Rashba-like spin textures in Graphene promoted by ferromagnet-mediated Electronic-Hybridization with heavy metal

TL;DR

This study uncovers the microscopic origin of Rashba-like spin textures in graphene heterostructures with ferromagnetic and heavy metal layers, highlighting the role of hybridization-induced spin-orbit coupling at interfaces for spintronic applications.

Contribution

It demonstrates that hybridization with heavy metals induces strong spin-orbit coupling in graphene via ferromagnetic interfaces, revealing the mechanism behind Rashba-like spin textures.

Findings

Strong SOC in graphene due to hybridization with heavy metals

Rashba-SOC observed at thin Co layers, linked to DMI

SOC effects diminish with increasing Co thickness

Abstract

Epitaxial graphene/ferromagnetic metal (Gr/FM) heterostructures deposited onto heavy metals (HM) have been proposed for the realization of novel spintronic devices because of their perpendicular magnetic anisotropy and sizeable Dzyaloshinskii-Moriya interaction (DMI), allowing for both enhanced thermal stability and stabilization of chiral spin textures.

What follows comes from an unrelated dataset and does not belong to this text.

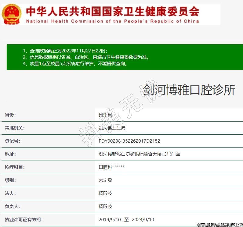 劍河博雅口腔2009-08-20成立,地址:劍河縣新城白浪街供銷綜合大樓13號門面,診療科目:口腔科******

However, establishing routes towards this goal requires the fundamental understanding of the microscopic origin of their unusual properties. Here, we elucidate the nature of the induced spin-orbit coupling (SOC) at Gr/Co interfaces on Ir. Through spin- and angle-resolved photoemission along with density functional theory, we show that the interaction of the HM with the C atomic layer via hybridization with the FM is the source of strong SOC in the Gr layer. Furthermore, our studies on ultrathin Co films underneath Gr reveal an energy splitting of $\sim$\,100 meV (negligible) for in-plane (out-of-plane) spin polarized Gr $\pi$ bands, consistent with a Rashba-SOC at the Gr/Co interface, which is either the fingerprint or the origin of the DMI. This mechanism vanishes at large Co thicknesses, where neither in-plane nor out-of-plane spin-orbit splitting is observed, indicating that Gr $\pi$ states are electronically decoupled from the HM. The present findings are important for future applications of Gr-based heterostructures in spintronic devices.